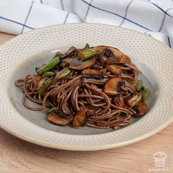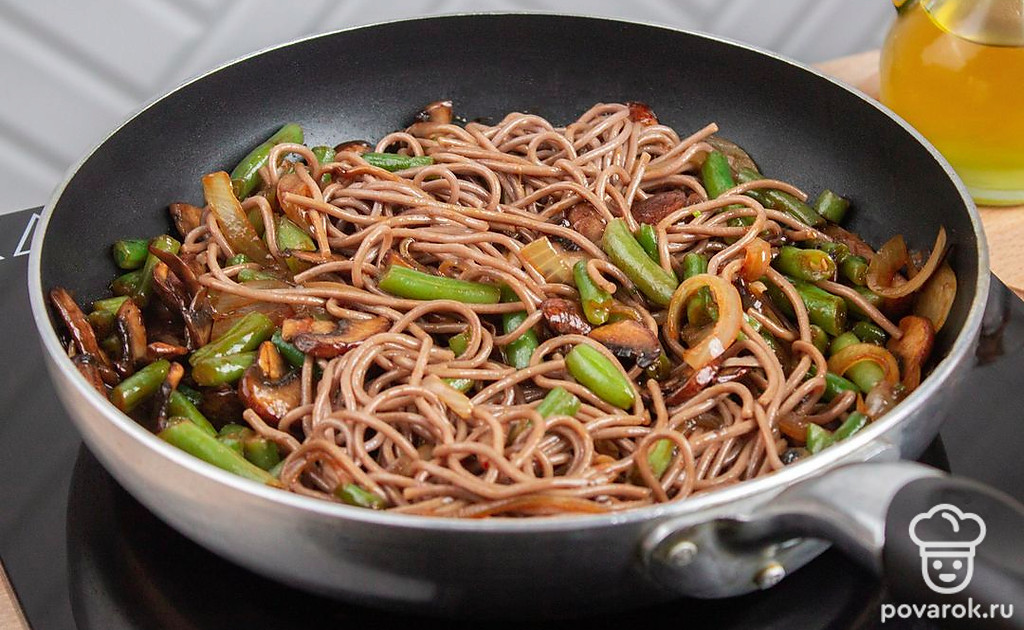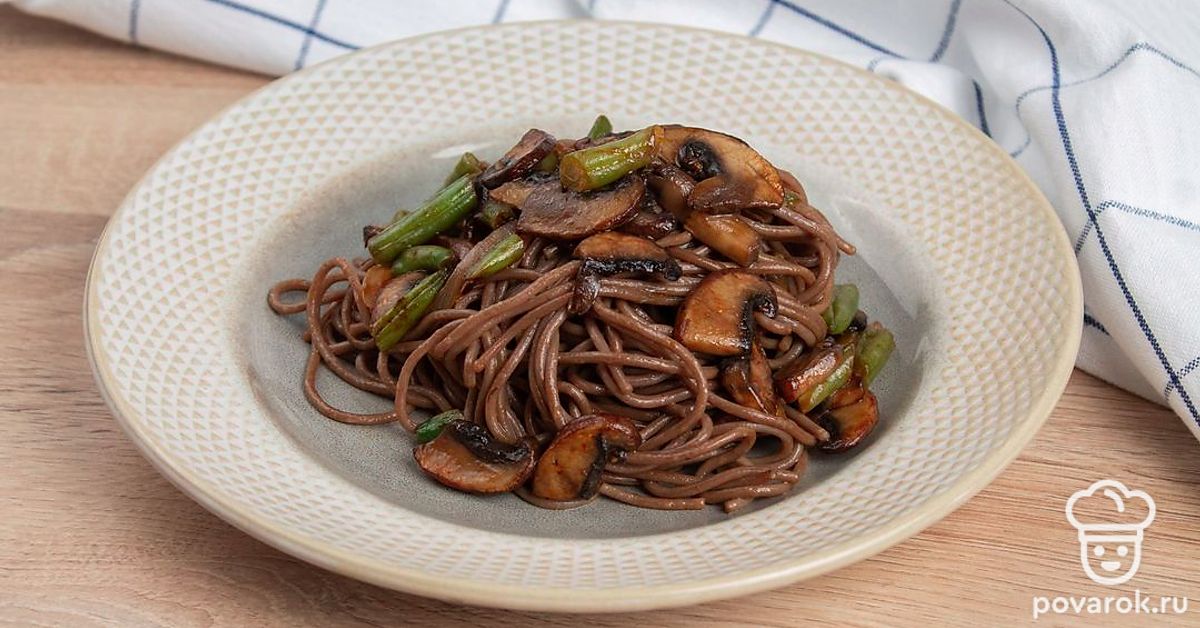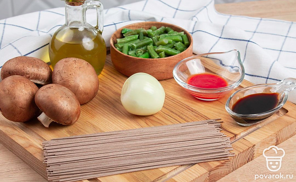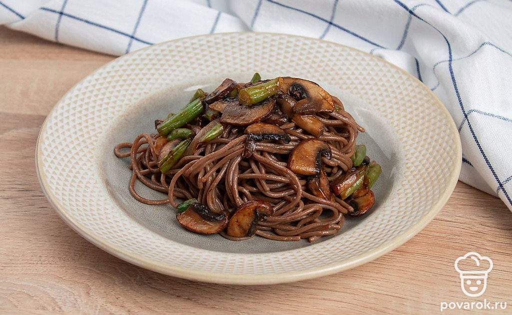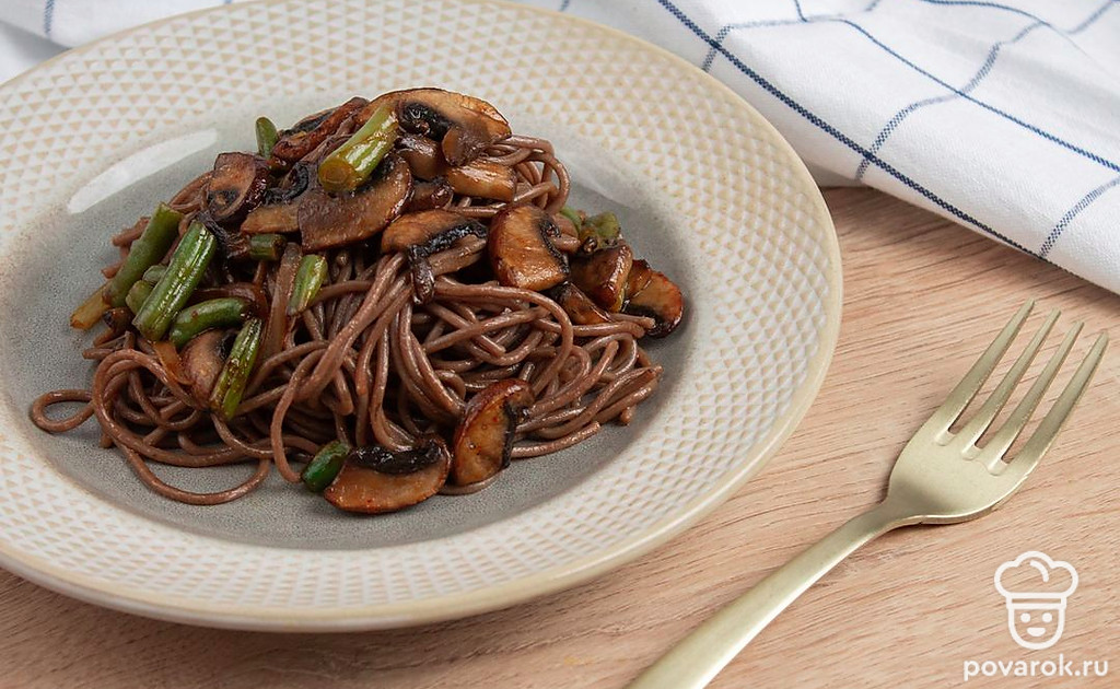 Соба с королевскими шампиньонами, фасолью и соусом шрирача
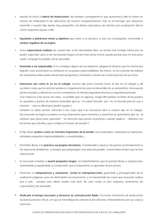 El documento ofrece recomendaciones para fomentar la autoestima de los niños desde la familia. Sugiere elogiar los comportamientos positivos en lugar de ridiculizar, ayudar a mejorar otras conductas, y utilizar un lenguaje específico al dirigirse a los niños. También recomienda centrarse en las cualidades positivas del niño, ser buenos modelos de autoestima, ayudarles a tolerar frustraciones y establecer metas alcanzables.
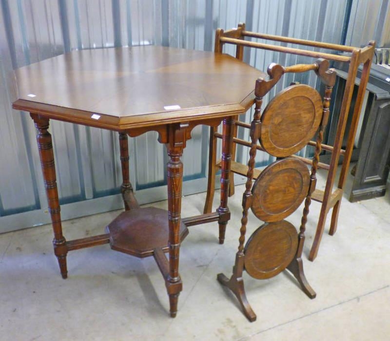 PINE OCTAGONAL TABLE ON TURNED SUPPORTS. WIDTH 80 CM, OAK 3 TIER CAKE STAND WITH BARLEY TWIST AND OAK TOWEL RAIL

**Work task**
Hand back the data exactly as it appears, with all pictures cut.

**Reply**
 Соба с королевскими шампиньонами, фасолью и соусом шрирача
 El documento ofrece recomendaciones para fomentar la autoestima de los niños desde la familia. Sugiere elogiar los comportamientos positivos en lugar de ridiculizar, ayudar a mejorar otras conductas, y utilizar un lenguaje específico al dirigirse a los niños. También recomienda centrarse en las cualidades positivas del niño, ser buenos modelos de autoestima, ayudarles a tolerar frustraciones y establecer metas alcanzables.
 PINE OCTAGONAL TABLE ON TURNED SUPPORTS. WIDTH 80 CM, OAK 3 TIER CAKE STAND WITH BARLEY TWIST AND OAK TOWEL RAIL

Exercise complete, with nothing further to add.